What is expected:
From the line that contains "Programme régulier - distribution" down to the last line of the listing below, reproduce each line exactly but not the pictures.

Record set:
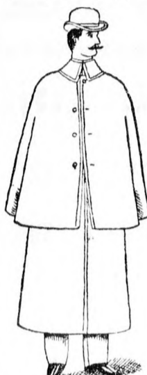
Utazó köpeny 17 frt és feljebb.
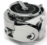
Hook 26 mm Ø Completed assembly - 0667 155604 Greifer 26 mm Ø Gesamte Baugruppe - 0667 155604
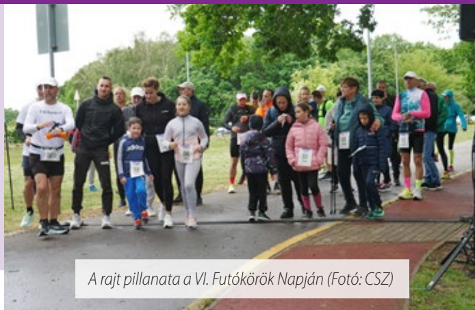
A rajt pillanata a VI. Futókörök Napján

Hatodik alkalommal került megrendezésre a Futókörök Napja, május 16-án rekordszámú helyszínen, összesen 25 rekortán borítású pályán húztak futócipőt a résztvevők. Sárvár idén is csatlakozott a programhoz, és a korábbi versenyekhez hasonlóan a TOP10-ben, a 7. helyen végzett.
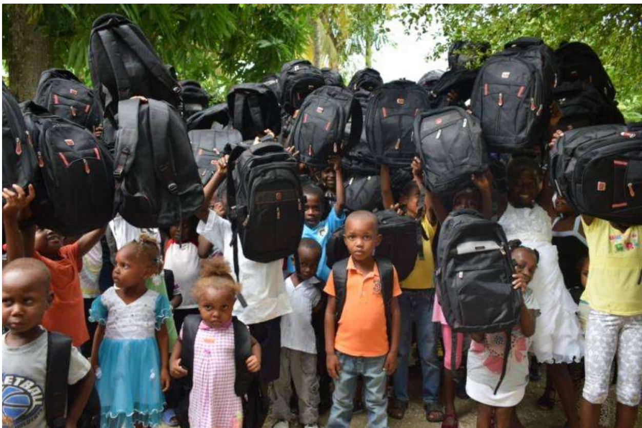
Programme régulier - distribution de kits scolaires /COSADH (Lascahobas, Centre)
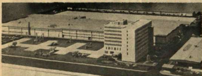
Modell av ny LME-fabrik. I vilket land byggs den?
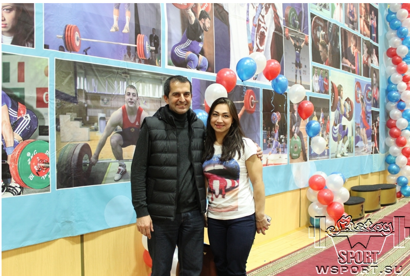
Надежда Евстюхина - 2-кратная чемпионка мира и Европы, бронзовый призер Олимпиады-2008

Task response:
Programme régulier - distribution de kits scolaires /COSADH (Lascahobas, Centre)
Modell av ny LME-fabrik. I vilket land byggs den?
Надежда Евстюхина - 2-кратная чемпионка мира и Европы, бронзовый призер Олимпиады-2008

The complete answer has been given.